Now, let's look to the harder case. Suppose I am responsible for the coding for Doom III, a complex computer game that (I assume) includes internet-play. I know there are viruses out there, and I know that there are malicious people out there. I also suspect that someone could write a virus that would target my widely software, attaching itself and perhaps even trying to propegate to other users or distribute private data or system-access information by modifying the code that allows internet play. Must I write code to resist that potential virus? No matter what I do, a clever cracker will find a way to circumvent my efforts -- but what must I do? How much time, what portion of my budget, should be spent to fighting crime?
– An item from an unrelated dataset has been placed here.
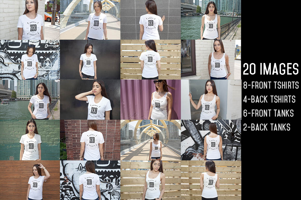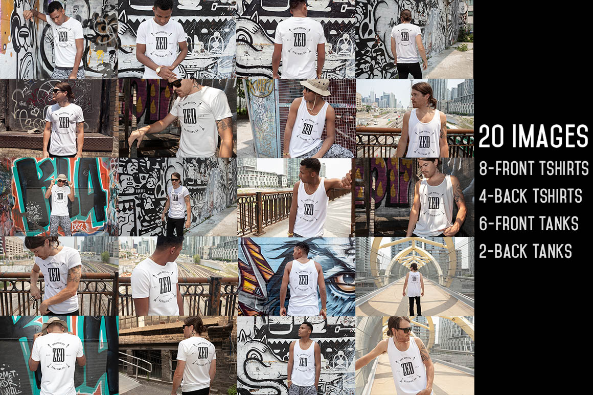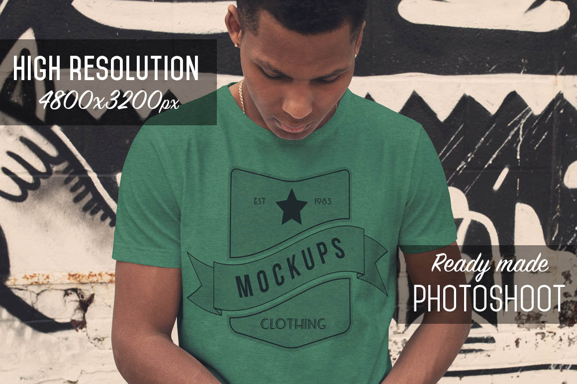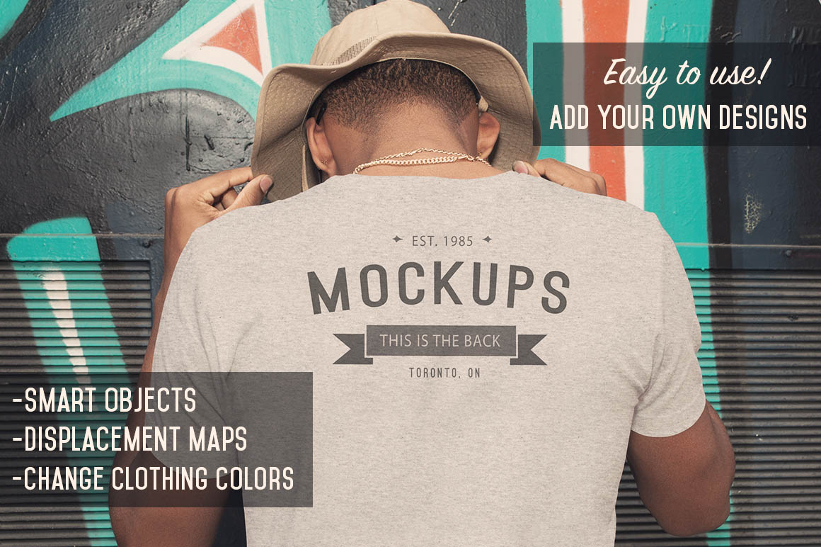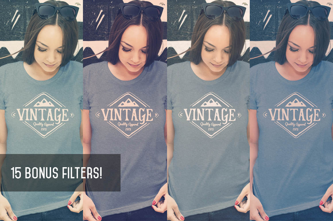 20 Professional Photo Shoot Mockups in High res (4800x3200px) Ready for print or web. Easily display your designs on ready made photo shoots with real models. This template set also comes with the popular “15 Vintage Photo Filter Actions” ($5 value). Easy to edit Smart Objects. Change the shirt color to anything you want as well as Heather Gray! Realistic textures, folds and displacement mapping. Your designs will look like they were actually apart of this photo shoot! There is a detailed help video included that walks you through the whole process!

Basically, it's a balancing act.

Try another example: your employer asks you to write a database or accounting program. You know that it is quite likely that your program will be purchased and used by drug traffickers to track their shipments and profits. What duty do you have to prevent such uses, or to detect such uses and report them to law enforcement?

Try another example: your employer asks you to write a Napster-like computer program that will allow people to share files. You know that some people will misuse the program (sharing copyrighted materials), but you also know that many people will use the program lawfully.

Now, suppose you work for one of these latter two companies, and you decide that your employer is not doing enough to prevent misuse, and you refuse to write certain code, but you also refuse to resign. Maybe your employer's attorneys present you with a "severance agreement" that includes a generous cash severance and a confidentiality clause. Or maybe you already signed a confidentiality agreement, and your employer fires you with no severance.

Damn, I have to side with the employer. There's nothing illegal going on, and you aren't being asked to do something unsafe or improper -- you simply have chosen a set of personal ethical standards that conflict with your employer. So I'd probably agree that your employer could fire you, but I might be uncomfortable enforcing the confidentiality agreement, at least insofar as it might seek to prevent you from talking to appropriate law-enforcement agencies.

It will never happen

[rossz]

There are far too many people who will do just about anything for money. Hell, under the right circumstances, I would write spamming software, even though the very idea makes me sick. I am a family man. I have a wife and daughter to take care of. My first responsibility is to them. "Social responsibility" doesn't even come close. If I had to choose between buying food and paying rent for my family or being socially responsible - fuck society.